What is required
In the copy of the lines below, leave out pictures and print everything else exactly.

────

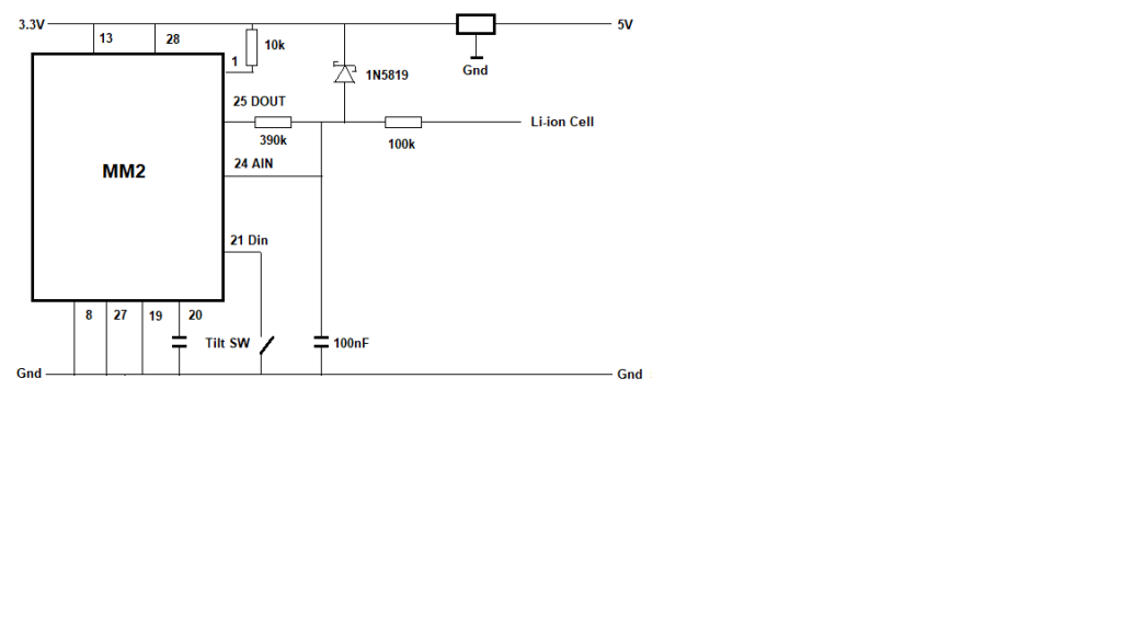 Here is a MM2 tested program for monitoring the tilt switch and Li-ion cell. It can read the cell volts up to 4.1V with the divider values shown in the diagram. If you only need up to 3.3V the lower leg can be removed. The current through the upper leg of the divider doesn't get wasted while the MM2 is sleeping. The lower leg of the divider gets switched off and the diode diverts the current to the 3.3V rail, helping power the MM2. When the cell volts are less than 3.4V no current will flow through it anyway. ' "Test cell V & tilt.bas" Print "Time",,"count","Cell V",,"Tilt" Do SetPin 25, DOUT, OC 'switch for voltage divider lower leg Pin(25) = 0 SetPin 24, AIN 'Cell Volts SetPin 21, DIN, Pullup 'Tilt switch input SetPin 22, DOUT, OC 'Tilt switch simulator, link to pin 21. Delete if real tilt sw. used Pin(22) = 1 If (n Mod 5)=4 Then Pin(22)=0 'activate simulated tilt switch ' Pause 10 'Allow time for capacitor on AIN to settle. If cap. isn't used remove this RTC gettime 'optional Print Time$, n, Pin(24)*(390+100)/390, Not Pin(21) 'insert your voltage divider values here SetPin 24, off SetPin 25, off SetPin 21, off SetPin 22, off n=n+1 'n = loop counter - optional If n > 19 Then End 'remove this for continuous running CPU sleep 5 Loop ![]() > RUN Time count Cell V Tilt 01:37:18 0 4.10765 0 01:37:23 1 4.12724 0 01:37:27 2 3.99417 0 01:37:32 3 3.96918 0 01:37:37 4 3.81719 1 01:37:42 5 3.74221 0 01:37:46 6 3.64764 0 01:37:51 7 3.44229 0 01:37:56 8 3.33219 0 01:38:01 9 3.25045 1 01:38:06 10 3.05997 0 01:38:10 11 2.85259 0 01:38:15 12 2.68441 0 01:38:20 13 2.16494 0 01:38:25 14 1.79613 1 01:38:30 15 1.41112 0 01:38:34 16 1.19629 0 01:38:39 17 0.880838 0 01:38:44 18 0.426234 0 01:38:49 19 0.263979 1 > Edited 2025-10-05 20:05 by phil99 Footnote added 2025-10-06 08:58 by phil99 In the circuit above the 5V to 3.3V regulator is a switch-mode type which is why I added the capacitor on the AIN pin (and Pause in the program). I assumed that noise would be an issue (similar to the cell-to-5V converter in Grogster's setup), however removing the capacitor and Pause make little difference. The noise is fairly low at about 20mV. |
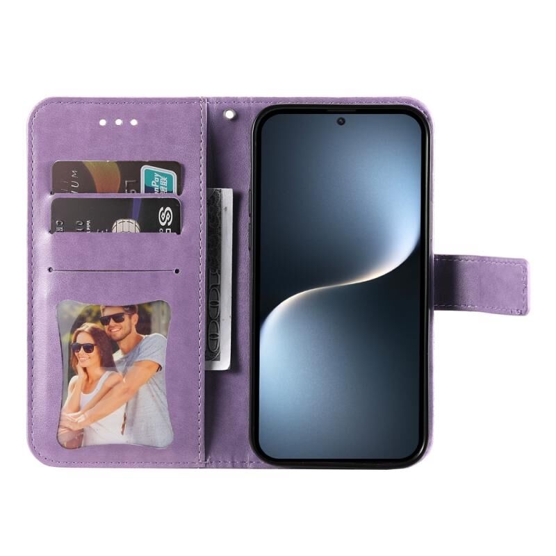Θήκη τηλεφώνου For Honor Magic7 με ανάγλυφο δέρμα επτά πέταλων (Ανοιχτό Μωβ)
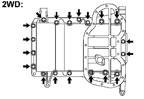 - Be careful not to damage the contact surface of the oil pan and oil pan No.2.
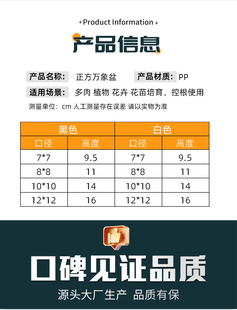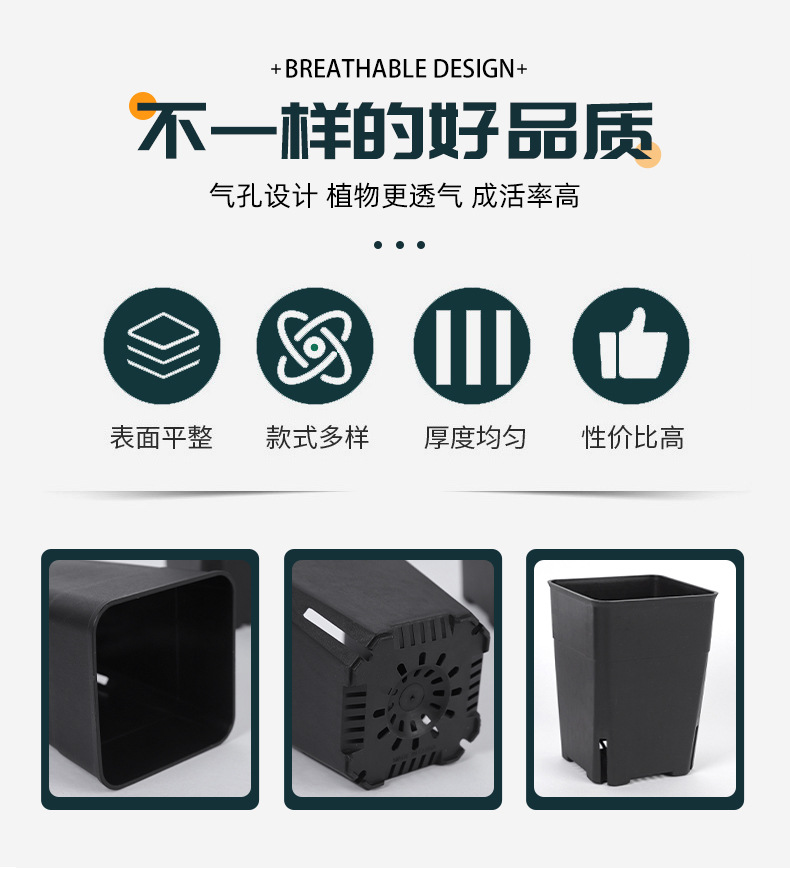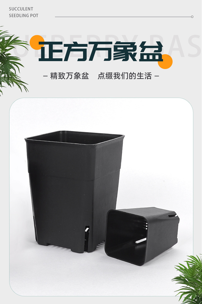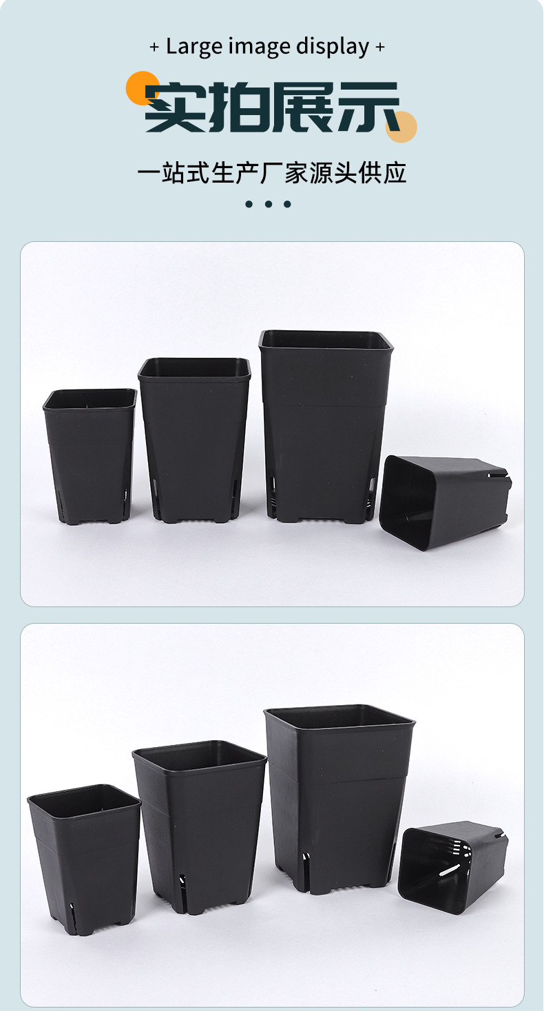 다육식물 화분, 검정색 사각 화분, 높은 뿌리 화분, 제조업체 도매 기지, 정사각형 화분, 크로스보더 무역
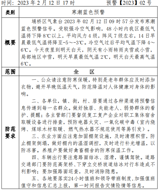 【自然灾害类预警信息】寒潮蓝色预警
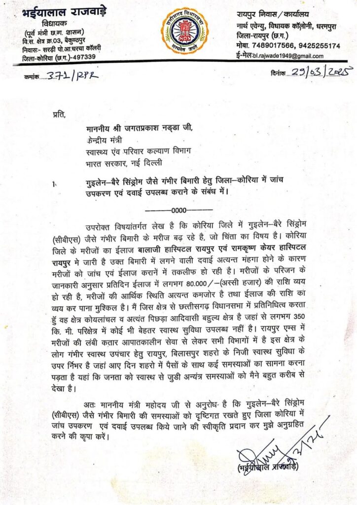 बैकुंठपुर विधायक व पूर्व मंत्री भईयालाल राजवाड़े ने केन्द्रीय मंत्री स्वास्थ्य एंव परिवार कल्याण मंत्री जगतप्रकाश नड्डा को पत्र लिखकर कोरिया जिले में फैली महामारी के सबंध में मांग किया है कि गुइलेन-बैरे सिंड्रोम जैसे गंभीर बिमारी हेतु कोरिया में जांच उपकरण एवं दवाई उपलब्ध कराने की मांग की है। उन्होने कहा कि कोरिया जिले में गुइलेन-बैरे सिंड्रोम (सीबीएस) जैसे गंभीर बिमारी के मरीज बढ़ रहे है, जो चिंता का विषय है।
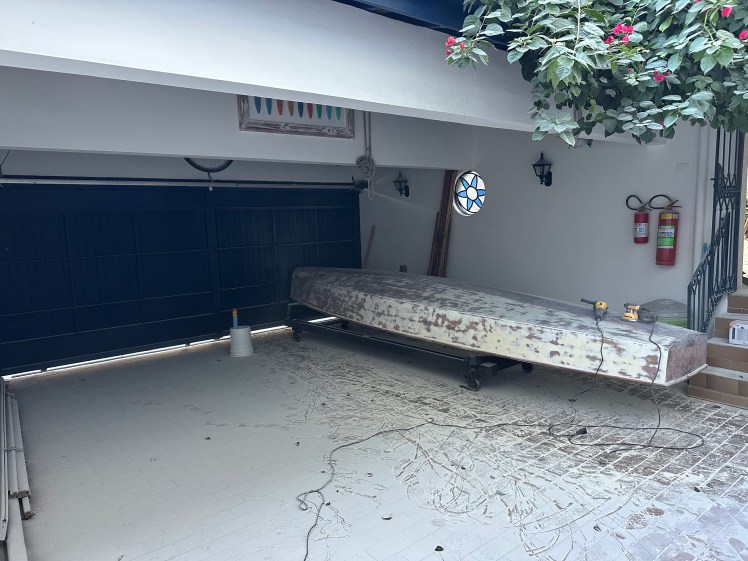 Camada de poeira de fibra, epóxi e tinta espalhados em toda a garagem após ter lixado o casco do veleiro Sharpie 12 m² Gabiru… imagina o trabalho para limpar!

────

Answer area
 Here is a MM2 tested program for monitoring the tilt switch and Li-ion cell. It can read the cell volts up to 4.1V with the divider values shown in the diagram. If you only need up to 3.3V the lower leg can be removed. The current through the upper leg of the divider doesn't get wasted while the MM2 is sleeping. The lower leg of the divider gets switched off and the diode diverts the current to the 3.3V rail, helping power the MM2. When the cell volts are less than 3.4V no current will flow through it anyway. ' "Test cell V & tilt.bas" Print "Time",,"count","Cell V",,"Tilt" Do SetPin 25, DOUT, OC 'switch for voltage divider lower leg Pin(25) = 0 SetPin 24, AIN 'Cell Volts SetPin 21, DIN, Pullup 'Tilt switch input SetPin 22, DOUT, OC 'Tilt switch simulator, link to pin 21. Delete if real tilt sw. used Pin(22) = 1 If (n Mod 5)=4 Then Pin(22)=0 'activate simulated tilt switch ' Pause 10 'Allow time for capacitor on AIN to settle. If cap. isn't used remove this RTC gettime 'optional Print Time$, n, Pin(24)*(390+100)/390, Not Pin(21) 'insert your voltage divider values here SetPin 24, off SetPin 25, off SetPin 21, off SetPin 22, off n=n+1 'n = loop counter - optional If n > 19 Then End 'remove this for continuous running CPU sleep 5 Loop ![]() > RUN Time count Cell V Tilt 01:37:18 0 4.10765 0 01:37:23 1 4.12724 0 01:37:27 2 3.99417 0 01:37:32 3 3.96918 0 01:37:37 4 3.81719 1 01:37:42 5 3.74221 0 01:37:46 6 3.64764 0 01:37:51 7 3.44229 0 01:37:56 8 3.33219 0 01:38:01 9 3.25045 1 01:38:06 10 3.05997 0 01:38:10 11 2.85259 0 01:38:15 12 2.68441 0 01:38:20 13 2.16494 0 01:38:25 14 1.79613 1 01:38:30 15 1.41112 0 01:38:34 16 1.19629 0 01:38:39 17 0.880838 0 01:38:44 18 0.426234 0 01:38:49 19 0.263979 1 > Edited 2025-10-05 20:05 by phil99 Footnote added 2025-10-06 08:58 by phil99 In the circuit above the 5V to 3.3V regulator is a switch-mode type which is why I added the capacitor on the AIN pin (and Pause in the program). I assumed that noise would be an issue (similar to the cell-to-5V converter in Grogster's setup), however removing the capacitor and Pause make little difference. The noise is fairly low at about 20mV. |
Θήκη τηλεφώνου For Honor Magic7 με ανάγλυφο δέρμα επτά πέταλων (Ανοιχτό Μωβ)
 - Be careful not to damage the contact surface of the oil pan and oil pan No.2.
 다육식물 화분, 검정색 사각 화분, 높은 뿌리 화분, 제조업체 도매 기지, 정사각형 화분, 크로스보더 무역
 【自然灾害类预警信息】寒潮蓝色预警
 बैकुंठपुर विधायक व पूर्व मंत्री भईयालाल राजवाड़े ने केन्द्रीय मंत्री स्वास्थ्य एंव परिवार कल्याण मंत्री जगतप्रकाश नड्डा को पत्र लिखकर कोरिया जिले में फैली महामारी के सबंध में मांग किया है कि गुइलेन-बैरे सिंड्रोम जैसे गंभीर बिमारी हेतु कोरिया में जांच उपकरण एवं दवाई उपलब्ध कराने की मांग की है। उन्होने कहा कि कोरिया जिले में गुइलेन-बैरे सिंड्रोम (सीबीएस) जैसे गंभीर बिमारी के मरीज बढ़ रहे है, जो चिंता का विषय है।
 Camada de poeira de fibra, epóxi e tinta espalhados em toda a garagem após ter lixado o casco do veleiro Sharpie 12 m² Gabiru… imagina o trabalho para limpar!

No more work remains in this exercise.